The Benefits of Working With Freight Factoring Companies

The United States is home to a vast infrastructure for production of finished goods and foodstuffs, ranging from dairy and chicken meat to cars, furniture, books, and more. But it’s not enough to have all those factories and farms alone; those finished goods need to be delivered, and freight delivery companies are ready to help. To match the huge American production sector, there is also a robust network of vehicles and carrier companies to deliver goods domestically and also ship them internationally with trade partners near and far. The United States is home to around 12 million trucks, rail cars, freight locomotives, and seagoing ships in its transport network, and there’s plenty of cargo planes out there, too. Planes travel to islands and can carry expedited deliveries, and trucks have the advantage of traveling nearly anywhere on roads, no railroads or airports needed. These carriers make money when they charge invoices to their shipper customers, but invoices take awhile to pay. This is why carriers may turn to freight load factoring companies for help to smooth out their cash flow. A loan from freight factoring services such as Advance Business Capital can do a lot of good.

Carrier Companies

It may be noted that most carrier companies in the United States today, like most business types, tend to be on the smaller side. Such companies may have a modest but hardworking fleet of cargo trucks on hand, and these companies may reach out to freight brokers as a third party between them and shipper clients who need their items delivered. This is a fine option, but after the delivery is made, these carriers will charge an invoice to their customers that may take awhile to pay. Even if it’s paid on time, invoice money might not arrive for 60-90 days, and invoices are certainly late sometimes. The problem is that smaller carrier companies don’t have deep cash reserves to fall back on while waiting, and those carriers have expenses of their own such as truck payments, fuel and maintenance costs, staff salaries and wages, and more.

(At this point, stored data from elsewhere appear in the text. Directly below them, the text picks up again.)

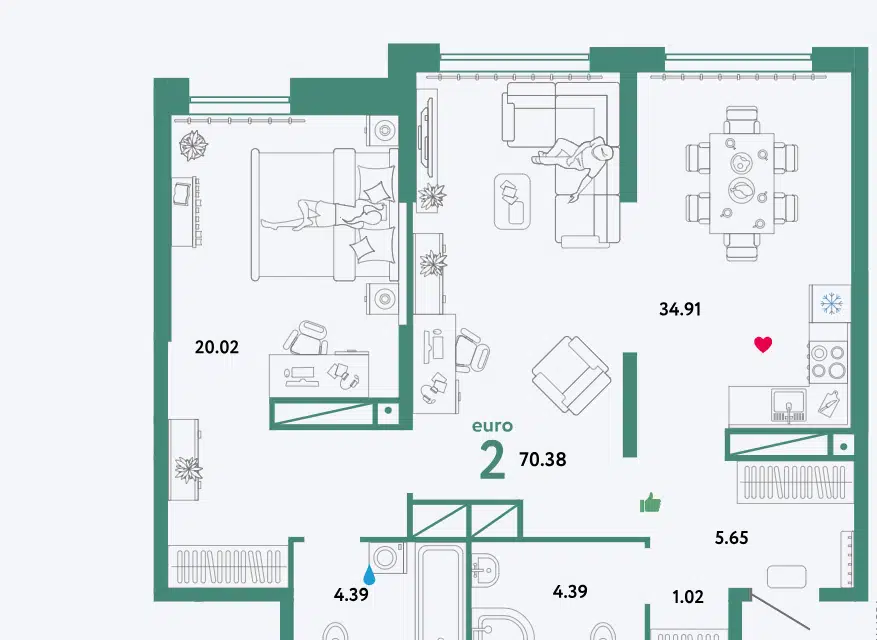 2-комн. кв., 70.38 м², 28/32 этаж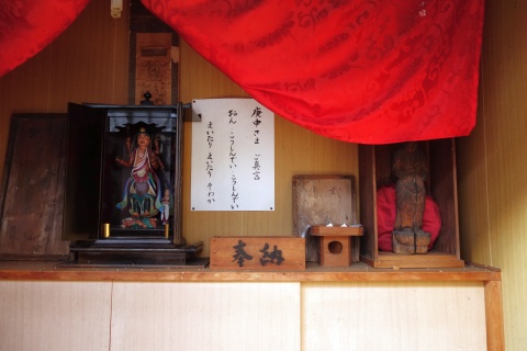 社の前に愛宕山西国観音霊場の観世音菩薩像(24番)あり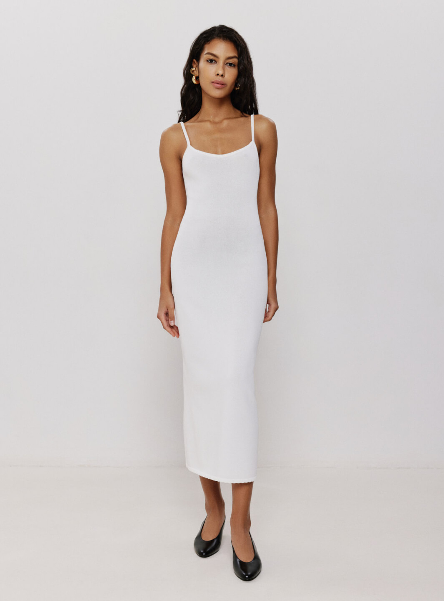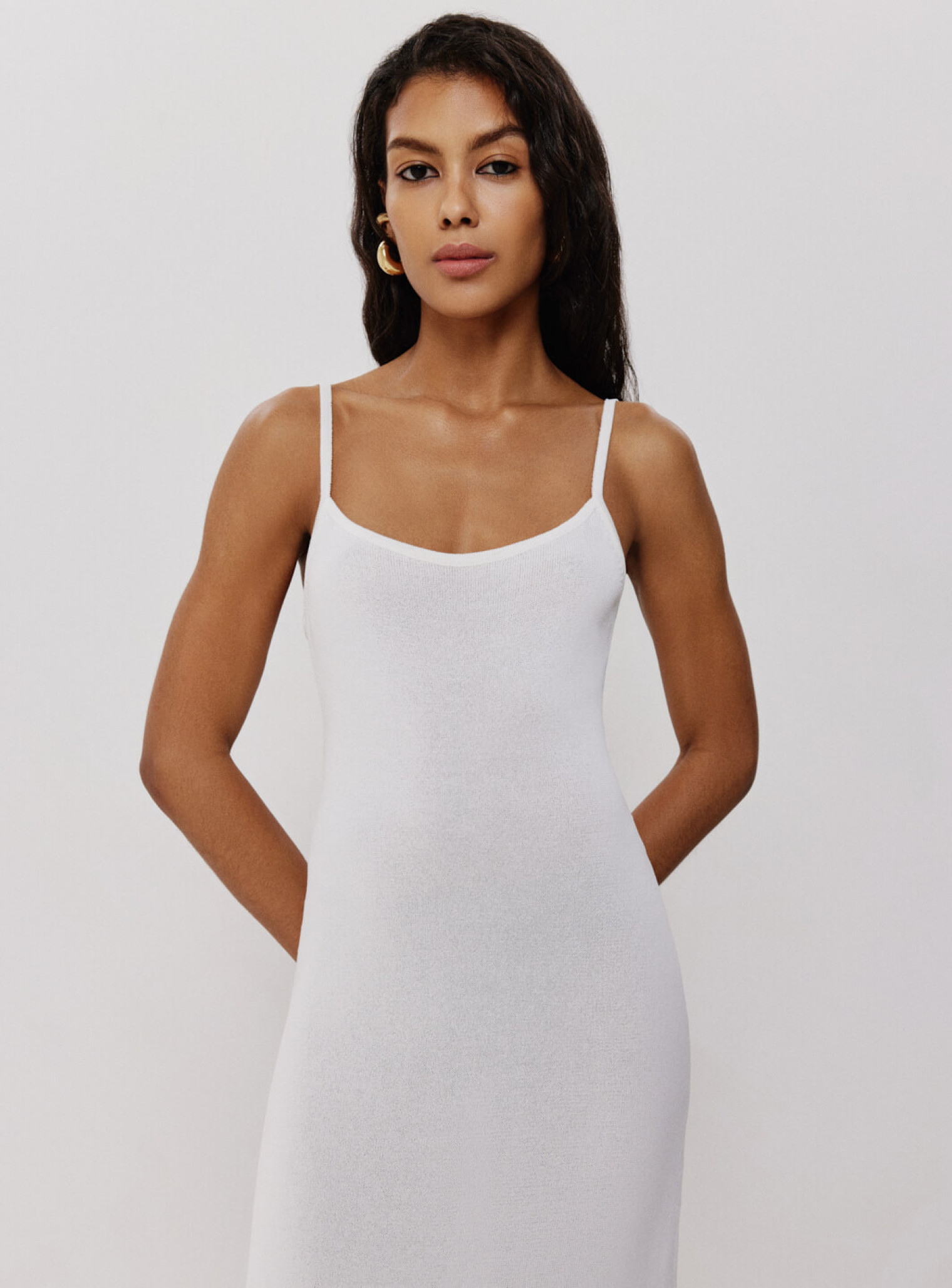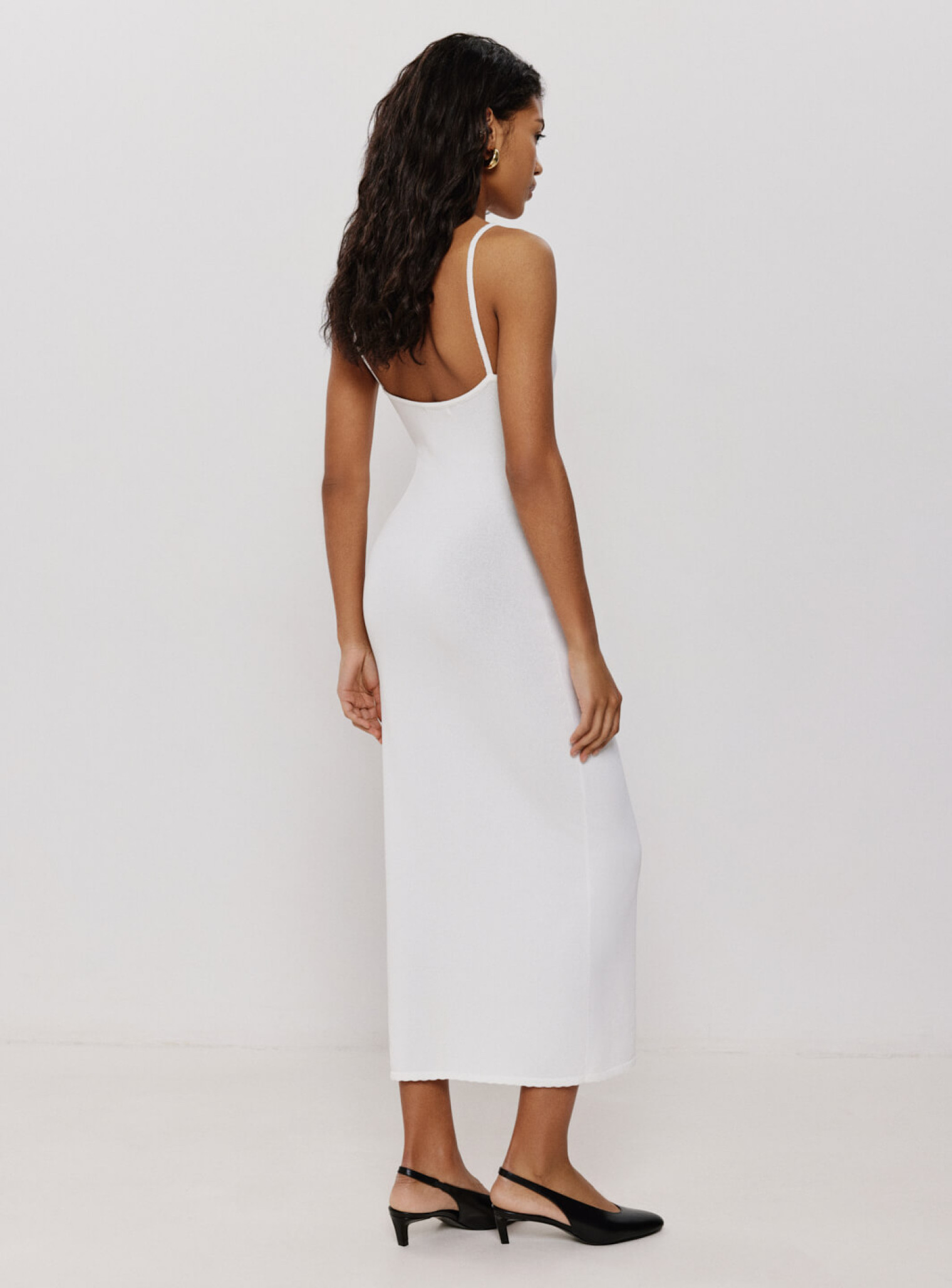 Силуэтное платье в длине миди выполнено из деликатной вискозы. Средняя плотность плетения не просвечивается на фигуре, но в зависимости от параметров может просвечиваться в зоне декольте. Трендовые тонкие бретели открывают ключицы и подчеркивают хрупкую красоту женщины.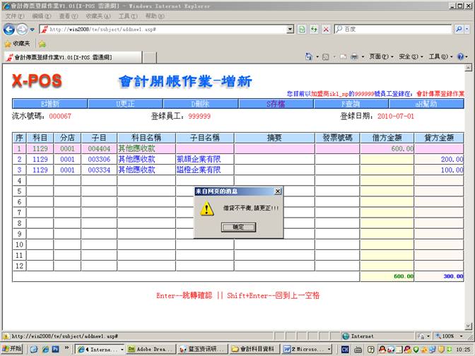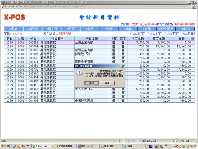 確定刪除這筆記錄,註:保持會計傳票的借貸平衡否則該傳票被視為廢票。例如:將第6頁中的三筆全部刪除。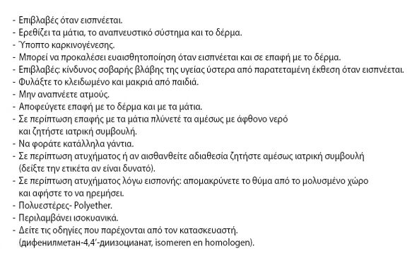 Κατάλληλη για την κόλληση κατασκευών ακόμα και κάτω από ακραίες συνθήκες (κρύο, ζέστη, κάτω από θαλασσινό νερό). Δεν είναι κατάλληλη για κόλληση πολυαιθυλενίου, πολυπροπυλαίνιου, P.T.F.E. και σιλικόνης.
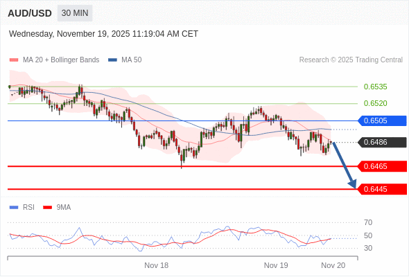 在 0.6505 之下,看跌,目标价位为 0.6465 ,然后为 0.6445 。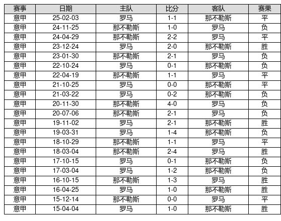 罗马 VS 那不勒斯两队近10年的交战次数为21场,罗马6胜6平9负,赢球概率为28.6%,平局概率为28.6%,输球概率为42.9%。

A smaller carrier company might even go bankrupt waiting for invoice money, but freight load factoring companies can help. Invoice funding companies like these can offer freight capital factoring services, which are typically business loans. A carrier with shallow cash reserves can make good use of what these freight load factoring companies have to offer, and a good business credit score allows that carrier to more easily appeal to local freight load factoring companies and convince them to offer a loan. What might happen if such a loan is approved?

Invoice Factoring Loans

Let us presume that a carrier company has good business credit and was approved for a loan from a freight factoring company in its area. To start with, that factoring company will purchase the rights to collect 100% of the outstanding invoice’s value when the shipper customer pays it, on time or not. In the meantime, the freight factoring company will give the carrier company a large, up-front loan that may be as much as 70-80% of the outstanding invoice’s total value. This timely loan is critical, as it allows the carrier to cover its own expenses while waiting for the shipper customer to pay. This can save a carrier from bankruptcy, and smooth out its cash flow to prevent serious debts.

Later, when the shipper customer does pay that outstanding invoice, the factoring company will collect it all, as arranged earlier. Now, with the money in hand, the factoring firm will give the carrier company another, smaller loan. The loans may add up to 95-98% of the invoice’s total value, but not a full 100%. Rather, the factoring firm will keep that 2-5% as a fee for services rendered, and that’s a major source of income for that firm. While this does mean that the carrier company sacrifices 2-5% of the invoice’s value, this is usually a good deal to take since it’s vital to get that up-front loan right away. A carrier company may well go bankrupt while waiting for 100% of the invoice’s value to arrive. Thus, it may be an easy price to pay to smooth out the cash flow in most cases.